[[ Recorded information open ]]
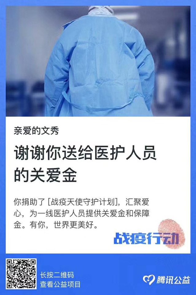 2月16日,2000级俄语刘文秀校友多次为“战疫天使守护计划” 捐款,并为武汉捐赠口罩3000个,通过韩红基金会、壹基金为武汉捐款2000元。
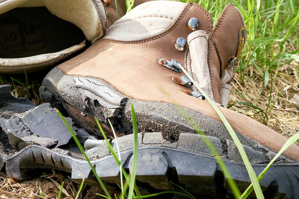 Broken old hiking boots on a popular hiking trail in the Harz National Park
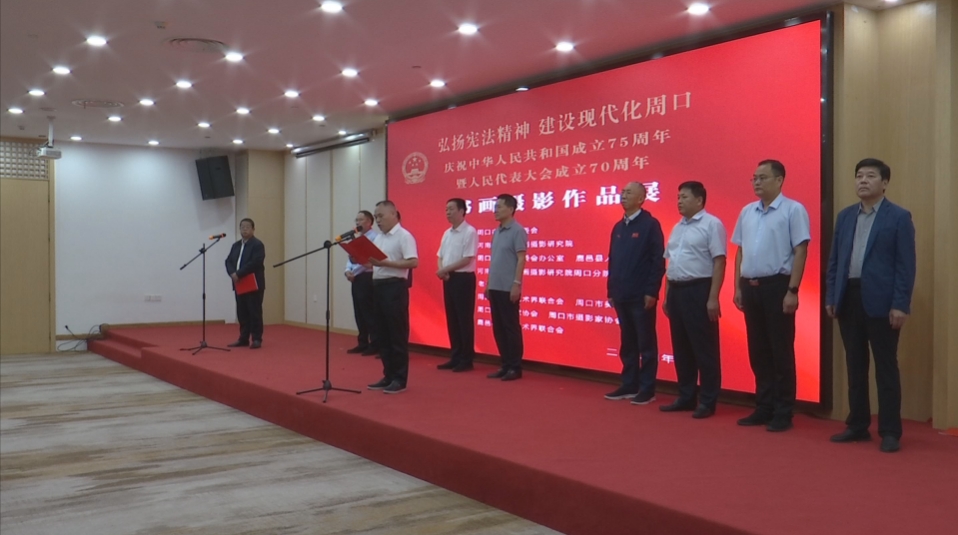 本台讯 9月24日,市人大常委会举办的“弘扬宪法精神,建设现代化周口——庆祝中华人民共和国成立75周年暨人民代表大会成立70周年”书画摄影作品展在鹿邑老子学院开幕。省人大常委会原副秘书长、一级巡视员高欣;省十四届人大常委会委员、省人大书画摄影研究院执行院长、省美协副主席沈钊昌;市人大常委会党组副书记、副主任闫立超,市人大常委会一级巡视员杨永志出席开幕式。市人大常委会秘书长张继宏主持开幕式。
[[ Recorded information closed ]]
[[ Recorded information open ]]
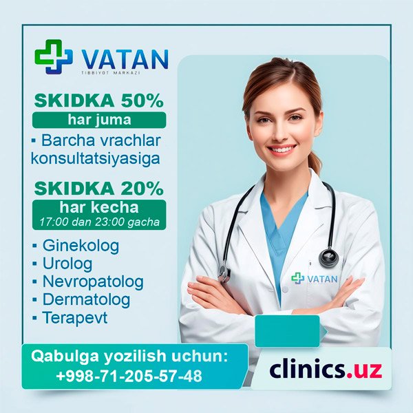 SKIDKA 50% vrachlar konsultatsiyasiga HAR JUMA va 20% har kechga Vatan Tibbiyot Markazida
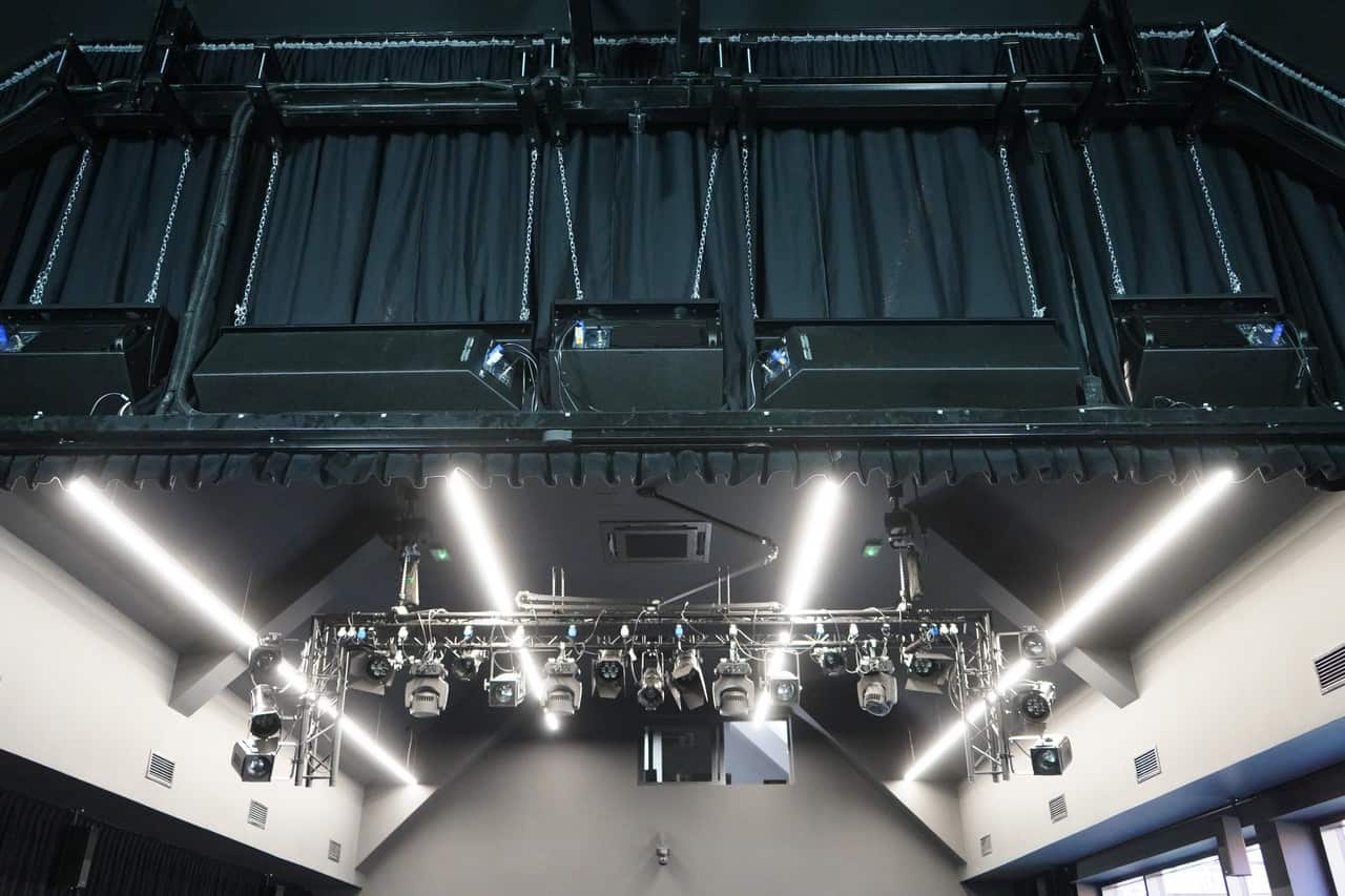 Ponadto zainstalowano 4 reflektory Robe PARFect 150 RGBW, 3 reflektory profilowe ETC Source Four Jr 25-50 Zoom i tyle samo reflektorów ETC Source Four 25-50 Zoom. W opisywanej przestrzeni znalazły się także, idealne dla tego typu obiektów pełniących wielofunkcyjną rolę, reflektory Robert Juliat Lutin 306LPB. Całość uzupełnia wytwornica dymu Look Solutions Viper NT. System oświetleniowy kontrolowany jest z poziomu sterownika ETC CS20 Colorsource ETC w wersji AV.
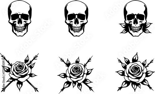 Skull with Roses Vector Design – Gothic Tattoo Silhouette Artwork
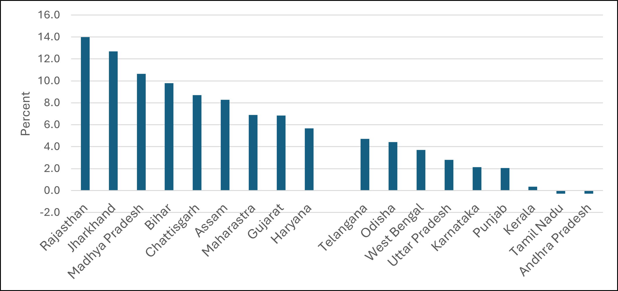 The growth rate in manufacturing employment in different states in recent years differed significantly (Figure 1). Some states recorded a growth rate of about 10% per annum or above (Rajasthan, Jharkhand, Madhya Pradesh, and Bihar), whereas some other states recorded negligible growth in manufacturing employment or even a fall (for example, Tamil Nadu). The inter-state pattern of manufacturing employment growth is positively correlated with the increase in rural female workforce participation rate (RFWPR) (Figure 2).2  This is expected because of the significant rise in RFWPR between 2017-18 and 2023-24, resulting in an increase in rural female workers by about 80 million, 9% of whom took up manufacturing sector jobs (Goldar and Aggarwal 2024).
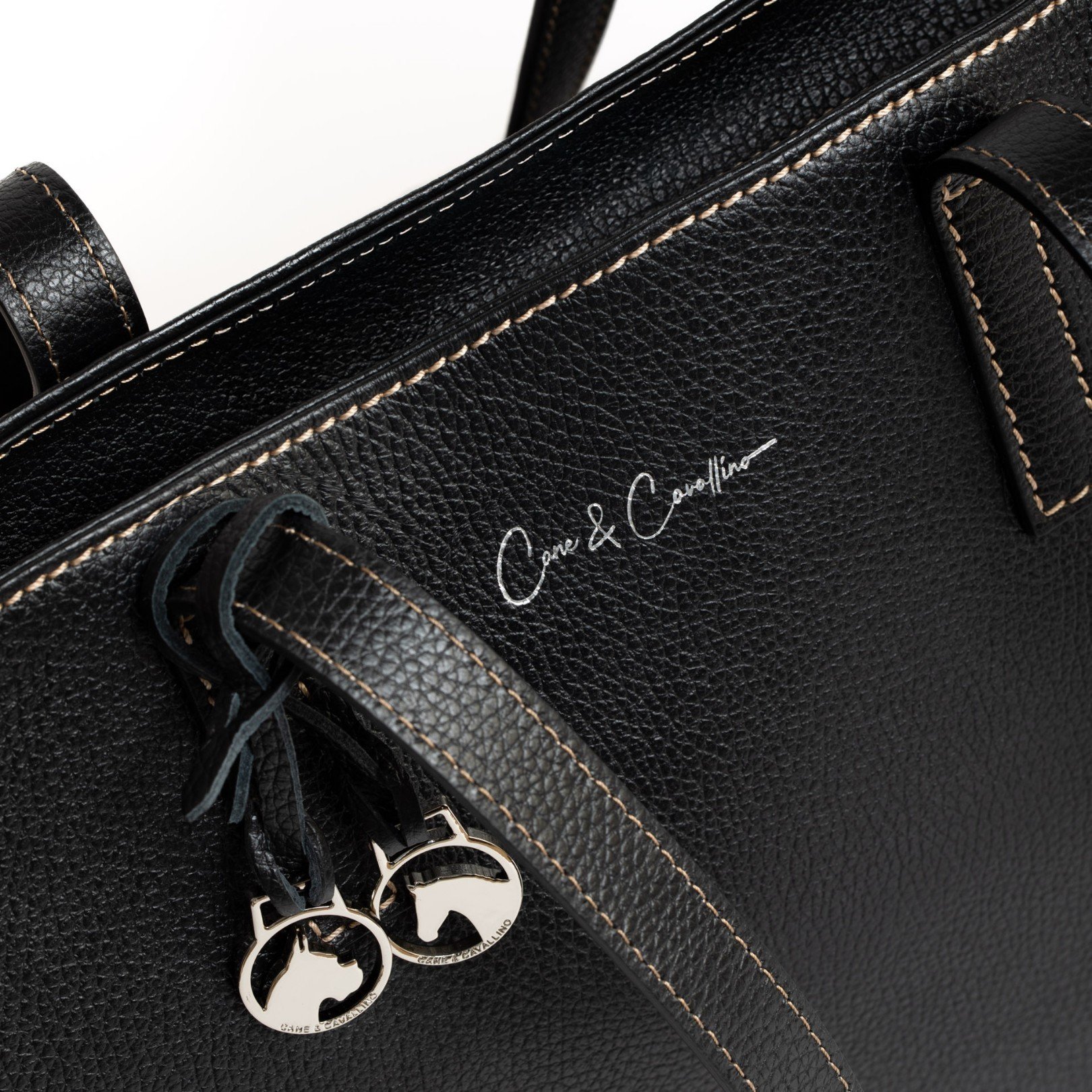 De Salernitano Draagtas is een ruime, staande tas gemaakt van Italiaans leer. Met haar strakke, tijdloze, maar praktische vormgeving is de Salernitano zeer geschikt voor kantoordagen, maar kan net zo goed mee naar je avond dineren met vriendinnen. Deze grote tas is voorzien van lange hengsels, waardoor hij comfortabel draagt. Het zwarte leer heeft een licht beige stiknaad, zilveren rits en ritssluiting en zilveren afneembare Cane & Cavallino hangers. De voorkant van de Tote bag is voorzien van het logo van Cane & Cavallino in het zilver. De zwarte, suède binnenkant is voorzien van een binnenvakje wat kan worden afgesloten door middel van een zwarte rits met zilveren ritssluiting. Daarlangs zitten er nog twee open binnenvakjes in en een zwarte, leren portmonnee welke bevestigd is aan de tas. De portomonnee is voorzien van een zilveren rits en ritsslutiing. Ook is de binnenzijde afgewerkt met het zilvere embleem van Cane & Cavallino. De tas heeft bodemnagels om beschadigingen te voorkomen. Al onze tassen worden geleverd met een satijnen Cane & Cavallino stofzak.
[[ Recorded information closed ]]
* [Requirement] Start with the line above containing "2月16日,2000级俄语刘" and end with the line containing "本台讯 9月24日,市人大常". Set down that stretch exactly, without any pictures.

* [Answer to this exercise]
 2月16日,2000级俄语刘文秀校友多次为“战疫天使守护计划” 捐款,并为武汉捐赠口罩3000个,通过韩红基金会、壹基金为武汉捐款2000元。
 Broken old hiking boots on a popular hiking trail in the Harz National Park
 本台讯 9月24日,市人大常委会举办的“弘扬宪法精神,建设现代化周口——庆祝中华人民共和国成立75周年暨人民代表大会成立70周年”书画摄影作品展在鹿邑老子学院开幕。省人大常委会原副秘书长、一级巡视员高欣;省十四届人大常委会委员、省人大书画摄影研究院执行院长、省美协副主席沈钊昌;市人大常委会党组副书记、副主任闫立超,市人大常委会一级巡视员杨永志出席开幕式。市人大常委会秘书长张继宏主持开幕式。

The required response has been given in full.